The Women in the Workplace 2018 study conducted by McKinsey and LeanIn.Org included about 279 companies that employ more than 13 million people. The study includes interviews and survey answers from more than 64,000 employees.
On the one hand, if organizations follow the current rate of hiring and promoting women to managerial levels, the increase in the number of women in management will only be 1 percent over a decade. However, if companies start hiring and promoting women at the same rate as the men, the number of women in management will be close to equal i.e. 48 percent women as compared to 52 percent men in the next decade.
The study found that women who are the only female at their management level have a way worse experience than those who get to work with more women.
In the last four years, the improvement in bridging the gender gap and making the organizational culture more open towards promoting equality has been slow. While organizations are evolving in technology and infrastructure at a lightning speed, when it comes to gender gap, the study calls the pace “agonizingly slow.”
Companies say they are committed to gender diversity. At the same time, only half of the employees believe that their respective companies treat gender equality in the workplace as a priority. About 20 percent of employees said their companies just use gender diversity as a talking point instead of actually implementing the policies into practice. Although 76 percent of the companies have a well thought out gender diversity plan, only 13 percent have actually measured the positive impact it would have on their bottom line.

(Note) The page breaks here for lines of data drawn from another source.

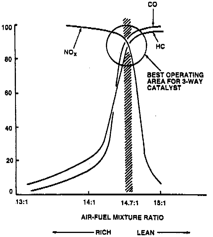Precise control of the air/fuel ratio is critical for effective catalyst operation. The chart below shows that once the mixture moves away from stoichiometric, catalyst efficiency suffers.
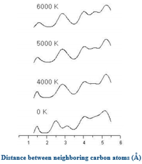 Figure 3 shows the distance distribution function of adjacent carbon atoms in a CNP structure consisting of carbon nanotubes with C70 fullerenes inserted, at temperatures of 0, 4000, 5000, and 6000 K, respectively.
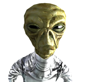 Aliens, known as zetans by pre-War conspiracy theorists,[1] are an extraterrestrial yellowish-green skinned humanoid race from an unknown planet. The only thing known about them is that they use their ability to travel space to probe other planets and species for information.
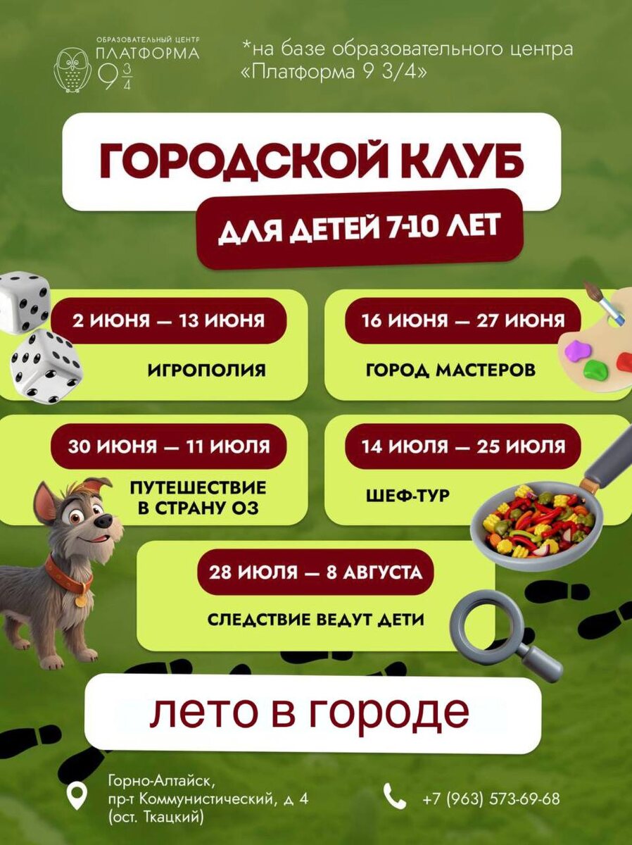 Лето в городе или Чем заняться детям на каникулах 👇🏼 1️⃣ Городской клуб -досуговая программа для детей 7-10 лет, где открывается новый мир: кулинарные приключения, творческие мастерские, детективные расследования и даже продакшн настоящего видеоконтента! 📌Тематики программ: 🐞2 июня - 13 июня — "Игрополия" (игры, командные квесты, веселые испытания) 🐞16 июня - 27 июня — "Город мастеров" (погружение в мир профессий: дети попробуют себя в роли строителя, врача, дизайнера, шеф-повара и многих других) 🐞30 июня - 11 июля — "Путешествие в страну ОЗ" (сказочные приключения, квесты, волшебные истории) 🐞14 июля - 25 июля — "Шеф-тур" (экскурсии в кафе и пекарню, знакомство с профессией, изучение иностранных слов) 🐞28 июля - 8 августа — "Следствие ведут дети" (детективные игры, расследования, поиск улик) 2️⃣ Школа блогеров - -для тех, кто хочет освоить съемку и монтаж, научиться уверенно говорить на камеру и создать свой контент-проект. (8-12 лет) Даты школы: с 14 по 25 июля ❗️С
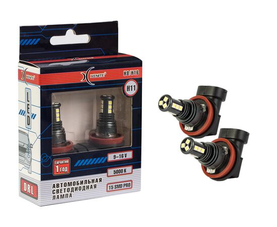 Лампа светодиодная головного света H8/H11/H16 PGJ19-1/PGJ19-2/PGJ19-3 5000К 15SMD PRO блистер 2шт
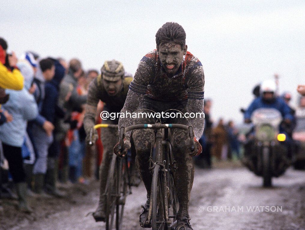There was no doubting the quality of the winner when I first saw the ‘Hell of the North” in 1980. I’d caught a pre-dawn ferry from Dover to Calais and then cycled the 130-kilometres to find the race near Gruson, just after the infamous pavé of the Carrefour de l’Arbre. I didn’t have long to wait before the preceding race cars started passing me, then the motos of the Gendarmes, and the motos of TV and stills photographers too. Then the first cyclist emerged from the dust, moving with frightening speed along the softer edges of the cobbled track. He was instantly recognisable as Francesco Moser, his familiar pointy nose almost down on his stem, his mouth wide-open, his elbows locked at 90-degrees, and his back arched so low and so level over his bike. I knew just about enough of the race to realise Moser was on his way to winning, for no one lost at the speed he was racing at, not that close to the finish, and not after the course he’d ridden over. Moser had won the two previous editions of the race as well, and I felt absolutely chuffed to have captured my first-ever image of this ‘star.
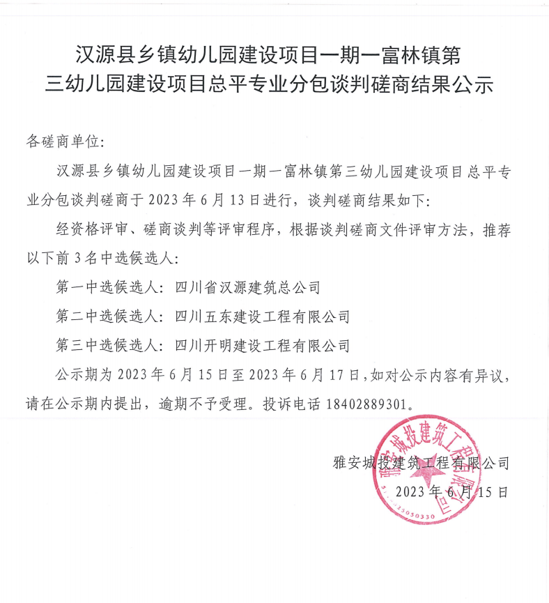 漢源縣鄉(xiāng)鎮(zhèn)幼兒園建設(shè)項(xiàng)目一期--富林鎮(zhèn)第三幼兒園建設(shè)項(xiàng)目總平專業(yè)分包談判磋商結(jié)果公示
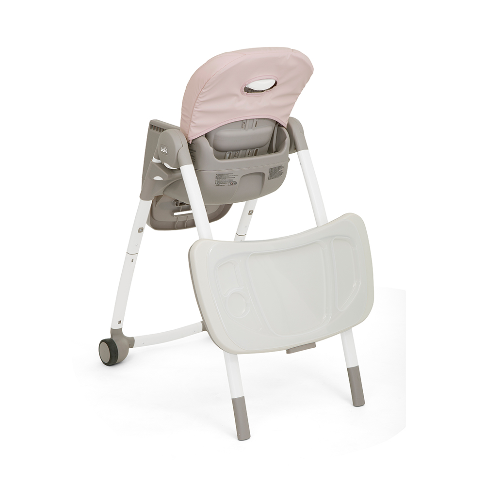 - Bàn chơi Giống như tất cả các loại ghế ăn khác của Joie, ghế ăn trẻ em Multiply 6in1 có khả năng dễ dàng gập gọn và tự đứng vững sau khi gấp lại. Ngoài ra, sau khi gập lại có thể đặt bàn ăn gọn gàng và độc đáo ở sau chân ghế. Multiply 6in1 đi kèm khay ăn tiện lợi, dễ dàng tháo rời bằng một tay, an toàn khi rửa bằng máy rửa bát. Với đai cài an toàn 5 điểm, mẹ yên tâm bé được giữ chắc chắn trong ghế nhưng không hề bị khó chịu nhờ chất liệu mềm mại. Tiện dụng và dễ dàng làm sạch Ghế ăn trẻ em Multiply 6in1 được thiết kế với phần đệm lót và đệm ghế chính dễ dàng tháo rời và giặt sạch. Sản phẩm cũng được tích hợp bánh xe ở hai chân ghế trước để dễ dàng di chuyển trong nhà. Lớp đệm lót mềm mại cho bé cảm giác thoải mái khi sử dụng. Khả năng điều chỉnh để phù hợp với cơ thể bé
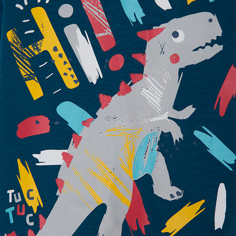 Two-piece suit from the Tuc Tuc Childrenswear Line consisting of shorts with elastic waistband and laces and t-shirt with buttons on the shoulder and print of dinosaur on the front.
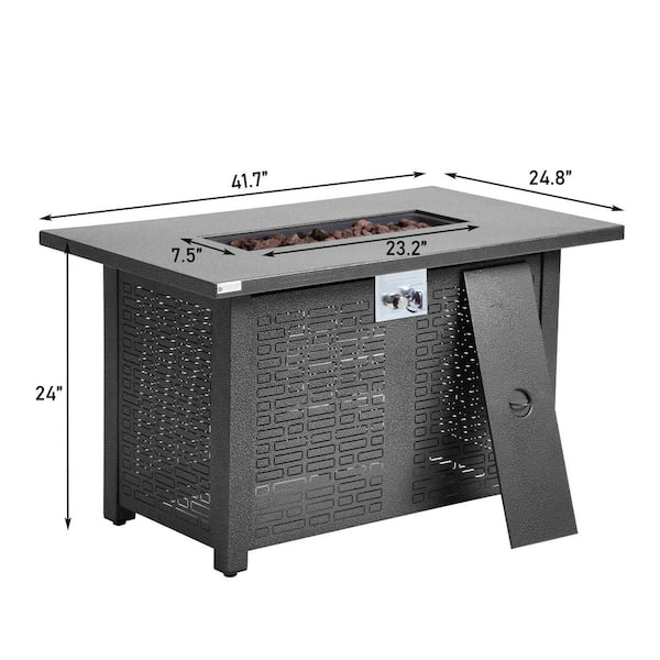8-Piece Black Wicker Patio Conversation Set with 42 in. Outdoor Fire Pit Table, Coffee Table and Gray Cushions
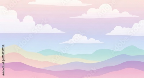 Fototapeta premium Pastel Gradient Landscape with Soft Clouds and Mountains
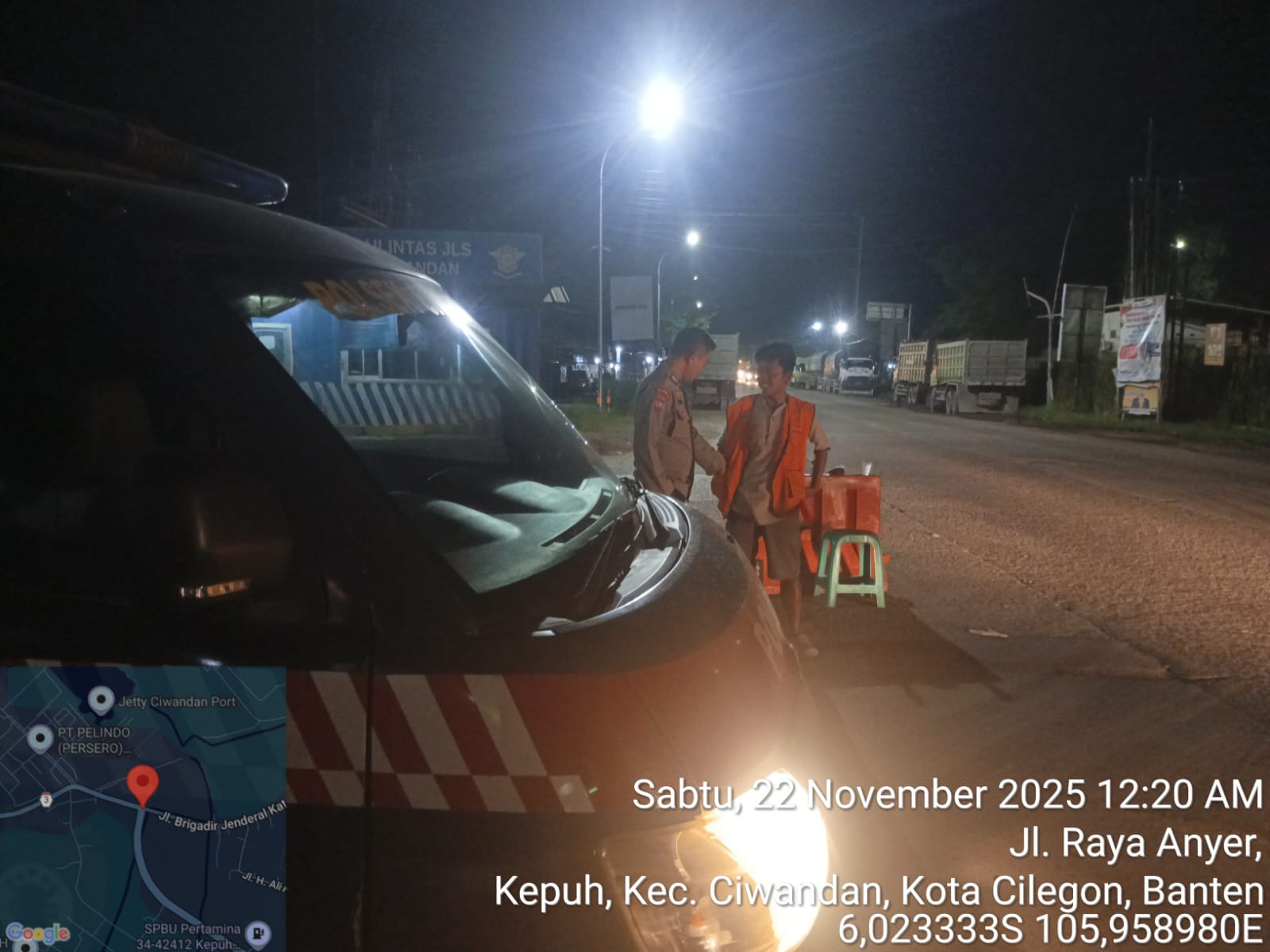 *Cilegon* - Personil Polsek Ciwandan Polres Cilegon Polda Banten Selalu Melaksanaan Kegiatan KRYD (Kegiatan Rutin Yang Ditingkatkan) Patroli Rutin malam hari di daerah hukum Polsek Ciwandan Guna Persempit Ruang Pelaku Tindak Kejahatan, Sabtu (22/11/2025).
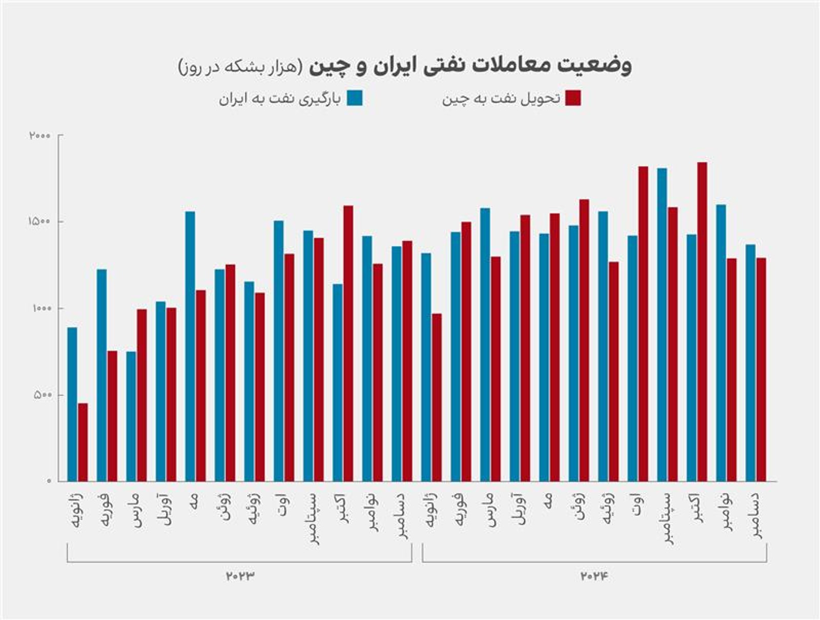 در مجموع، متوسط بارگیری روزانه نفت ایران در کل سال جاری میلادی یک میلیون و ۵۵۰ هزار بشکه بوده که نسبت به سال ۲۰۲۳ رشدی ۱۷ درصدی داشته است. حدود ۹۴ درصد از این محمولهها تحویل چین شده است.
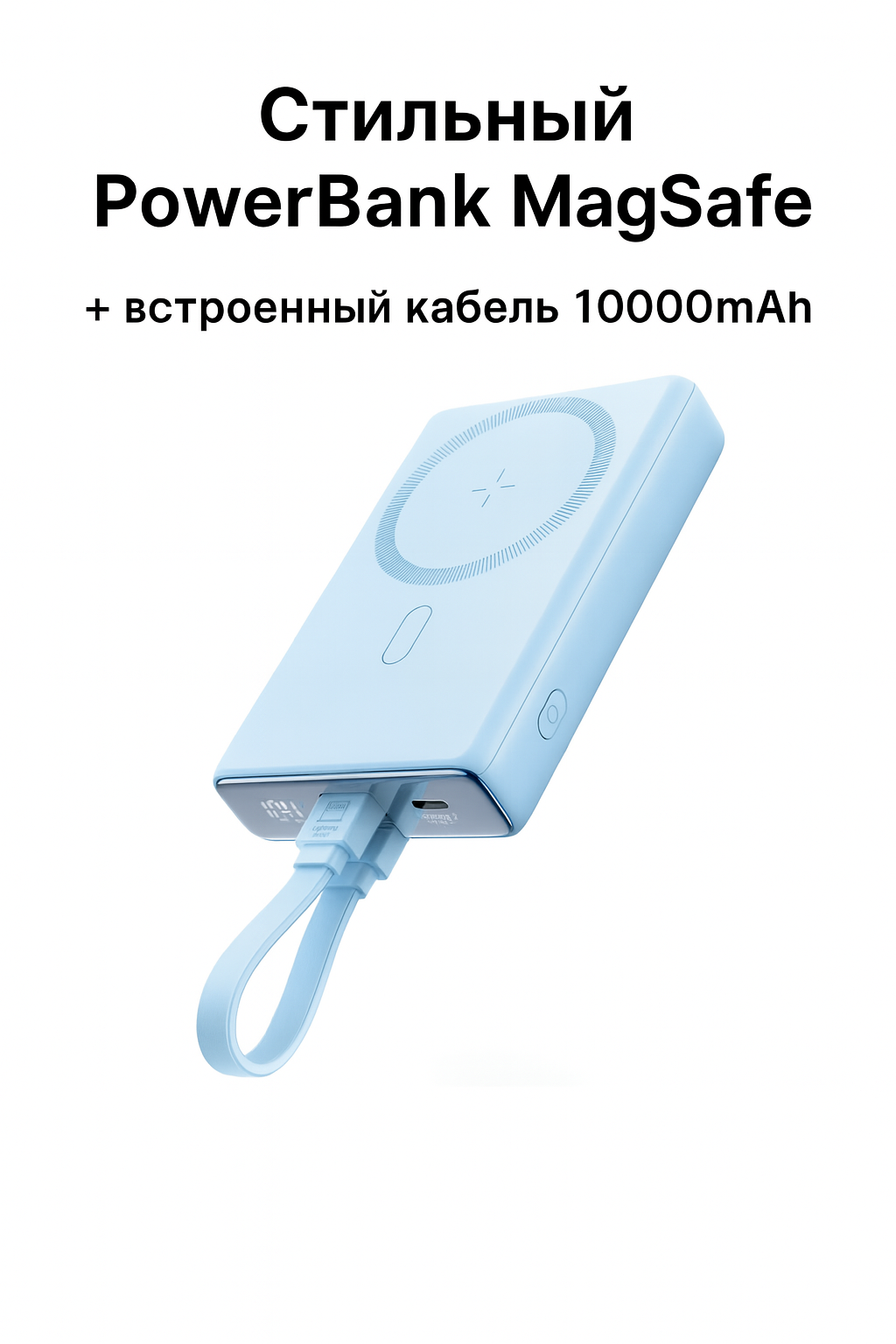 Внешний аккумулятор повербанк магнитный Joyroom 10000 mAh MagSafe / JR-PBM01 20W с кабелем / голубой: сравнение цен, характеристики, фото, актуальное наличие и цены.

In order to fast track the mission to create workplaces that are based on gender diversity, the McKinsey study recommends companies to build an action plan.
Breaking down gender diversity into an achievable goal that includes a system of setting targets, reporting and holding the stakeholders accountable is the first step. It is vital to ensure that hiring and promotions are based on a fair and balanced practice.
HR practitioners along with CXOs need to lead by example and promote a respectful culture that makes a diverse set of employees feel included. Another major aspect of retaining excellent women employees is to offer all employees ways to fit work into their life goals.
Taking action is the only way to change the numbers, the study reports.